(SUPPLIED INFORMATION begins)

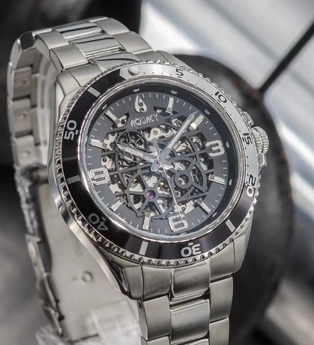 Aquacy Skeleton Automatic Miyota Men's Watch 200M Black
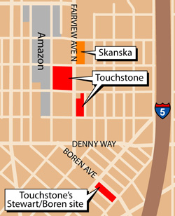 Seattle developer Touchstone Corp. wants to build a 13-story office, retail and hotel complex on Boren Avenue between Stewart and Howell streets in the Denny Triangle.
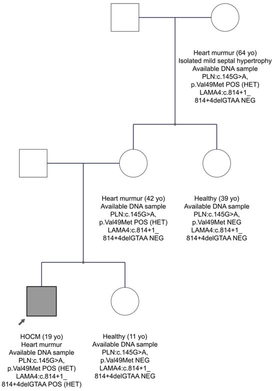 In family FAM10 with the HCM diagnosis, we found two candidate variants, one in the LAMA4 gene and another one in the PLN gene, in the proband’s sample. The LAMA4 gene, which encodes the laminin α4 chain, is an essential component of the extracellular matrix laminin-8 and -9 and has structural and signalling roles []. However, mutations in the LAMA4 gene have been identified in patients with DCM []. The PLN gene encodes phospholamban that regulates the sarcoplasmic reticulum Ca2+-ATPase (SERCA), which transports calcium from the cytosol into the sarcoplasmic reticulum []. Mutations in the PLN gene are implicated in HCM []. The LAMA4 variant was a four-nucleotide deletion encompassing the consensus donor splice sequence in intron 7 (LAMA4:c.814+1_814+4delGTAA). This variant is very rare in the gnomAD Exomes database, as well as in the Cypriot population, 0.0009 (1/1111). The professional HGMD database does not report the variant, whereas Franklin characterizes it as VUS to likely pathogenic. The second variant, PLN:c.145G>A, p.Val49Met (in exon 2), had a very low MAF score in the international population databases and it has not been detected in the Cypriot population. In addition, it is characterized as a disease-causing variant for HCM by the HGMD professional database. Specifically, the variant was first reported in a study by Xu J et al. and was found in one HCM patient []. Franklin characterizes it as VUS to likely pathogenic. The FAM10 family segregation is shown in Figure 3. The proband is the only person who has inherited the two variants in the LAMA4 and PLN genes. At the age of 19, he was diagnosed with a heart murmur and hypertrophic obstructive cardiomyopathy (HOCM). On the other hand, his mother, aged 42, carries only the variant in the PLN gene and has a heart murmur. His grandmother at age 64 years, who also carries the variant in the PLN gene, has isolated mild septal hypertrophy and heart murmur. Hence, we suggest that the proband has a more severe phenotype than the other family members, perhaps due to the co-inheritance of the two variants. As the family data are not strong enough, the possibility remains that there is digenic inheritance, although not conclusively confirmed. Therefore, the LAMA4 variant remains as a VUS waiting for stronger evidence.
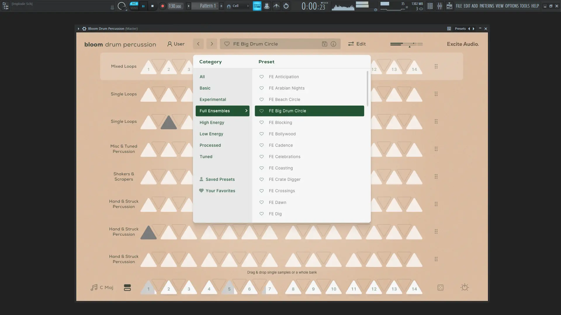 Excite Audio — Bloom Drum Percussion — это мощный инструмент для создания живых перкуссионных грувов с использованием латинских и африканских ритмов, записанных вручную. Программа предлагает 112 высококачественных сэмплов, 250 пресетов и интуитивный секвенсор для мгновенного доступа к ярким ритмическим паттернам.
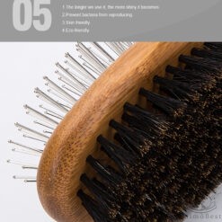 - Poils de sanglier naturels : distribuent des huiles naturelles, laissant la fourrure brillante et saine. Élimine l’électricité statique et prévient les dommages aux cheveux.
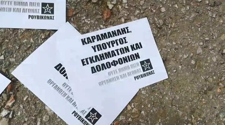 Παρέμβαση με τρικάκια και συνθήματα έξω από το σπίτι του πρώην υπουργού Υποδομών και Μεταφορών, Κώστα Καραμανλή, στην περιοχή της Πλάκας, πραγματοποίησαν, σήμερα το μεσημέρι, μέλη του Ρουβίκωνα, για το έγκλημα στα Τέμπη.
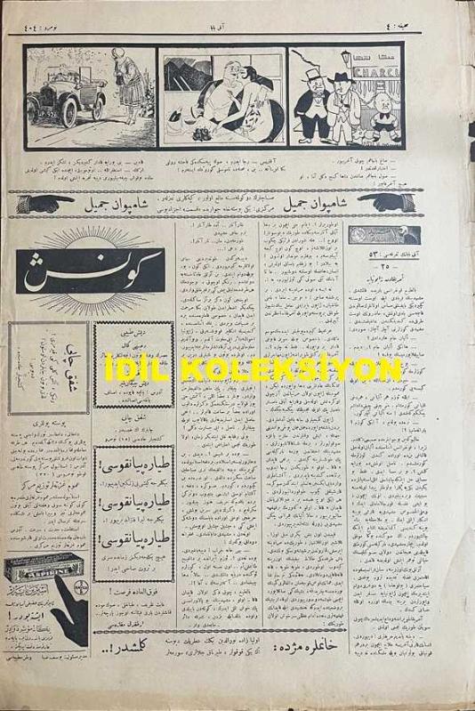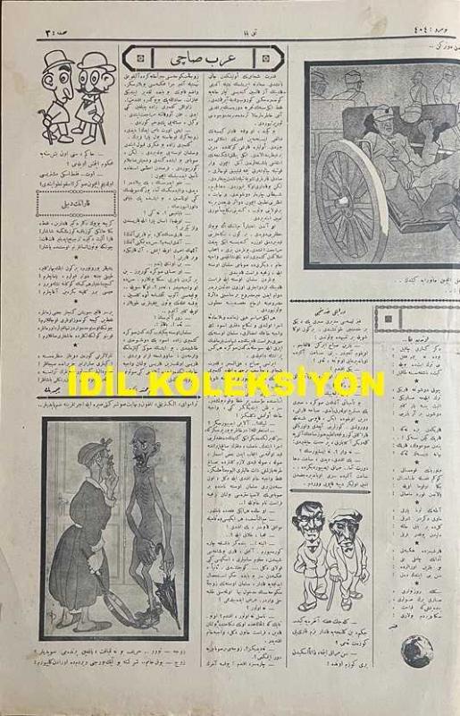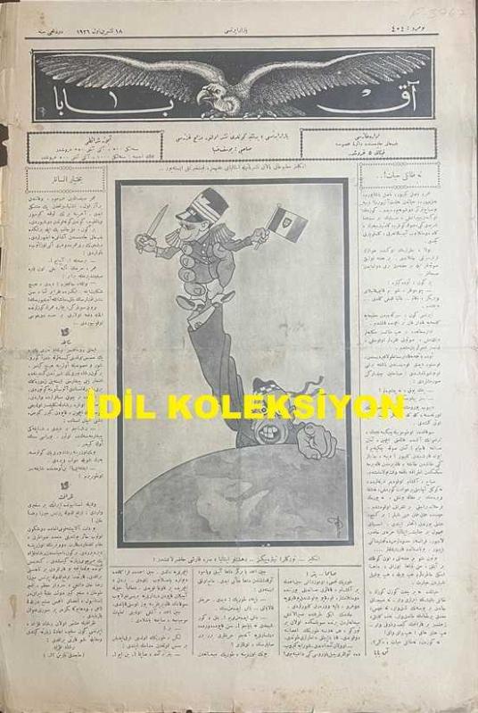 Osmanlıca Akbaba Mizah Dergisi-Gazetesi, Orijinal Dönem Basım, (Ottoman Magazine-Newspaper) - 18 Ekim (Teşrin-i Evvel) 1926 - Sayı: 404 - Karikatürist Ramiz Gökçe'nin Çalışması: İngiliz Matbuatı Yalan Neşriyatıyla İtalya'yı Aleyhimize Kışkırtmak İstiyor... "İngiliz: Türkler! Titreyiniz.. Dehşetli İtalya, Size Karşı Hazırlanmıştır!" - Ne Tatlı Hayat!.. - "Denizin Dili" Çimdik - Karikatürist Ramiz Gökçe'nin Sultan II. Abdülhamit'i Tasvir Eden Çalışması: Yıldız Sefahet ve Kumarhanesinde "Abdülhamit'in Ruhu: Oh... Oh... Ne Ala, Burada Hala Benim Tarz-ı İdarem Hüküm Sürüyor!" - "Yüzüncüyü Tes'id" Selami İzzet (Sedes) - Karikatürist Ramiz Gökçe'nin Çalışması: Kahraman Kıtaatımız Ankara Manevralarından Dönerken... "Vazifemizi İyi Yapıp Yapmadığımızı Anlamak için Manevraya Gittik.. Onu Dört Sene Evvel İsbat Etmiştik Ya!.." - "Arap Saçı" Ercüment Ekrem (Talu) - Akbaba'nın Tefrikası: Meşhedi ile Devr-i Alem "Amerika'dan Japonya'ya" - Dış Basından Karikatürler adlı eser, Kitap > Süreli Yayınlar > Gazeteler > Türkiye > Genel kategorisinde İkinci El olarak satıştadır.
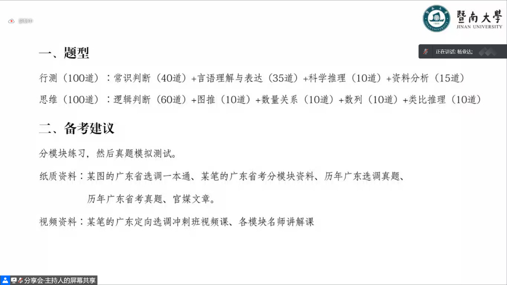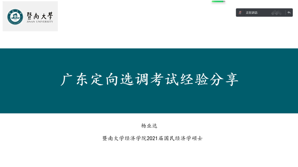 杨业达,2021届国民经济学硕士研究生,现就职于中共南澳县委统战部。他从“为什么选择考公务员?”“国考、定向选调、省考的区别”“职位选择问题”三个方面,向同学介绍公务员考试基本情况以及如何选择岗位。他重点分享自己报考广东定向选调的笔试和面试经验。笔试方面,他建议分模块练习,加真题模拟测试;面试方面,他建议报班练习,进行系统性培训。最后,他推荐同学们关注“共产党员网”各地组织部发布的文章,留意金句和小标题,学会总结归纳并用于自身答题。

(SUPPLIED INFORMATION ends)

PROBLEM REQUIREMENTS.
Above is the material; set down exactly its lines from the one containing "Excite Audio —" down to the one containing "Παρέμβαση με τρικάκια", both included, leaving out any pictures.

RESULT OF THIS EXERCISE.
 Excite Audio — Bloom Drum Percussion — это мощный инструмент для создания живых перкуссионных грувов с использованием латинских и африканских ритмов, записанных вручную. Программа предлагает 112 высококачественных сэмплов, 250 пресетов и интуитивный секвенсор для мгновенного доступа к ярким ритмическим паттернам.
 - Poils de sanglier naturels : distribuent des huiles naturelles, laissant la fourrure brillante et saine. Élimine l’électricité statique et prévient les dommages aux cheveux.
 Παρέμβαση με τρικάκια και συνθήματα έξω από το σπίτι του πρώην υπουργού Υποδομών και Μεταφορών, Κώστα Καραμανλή, στην περιοχή της Πλάκας, πραγματοποίησαν, σήμερα το μεσημέρι, μέλη του Ρουβίκωνα, για το έγκλημα στα Τέμπη.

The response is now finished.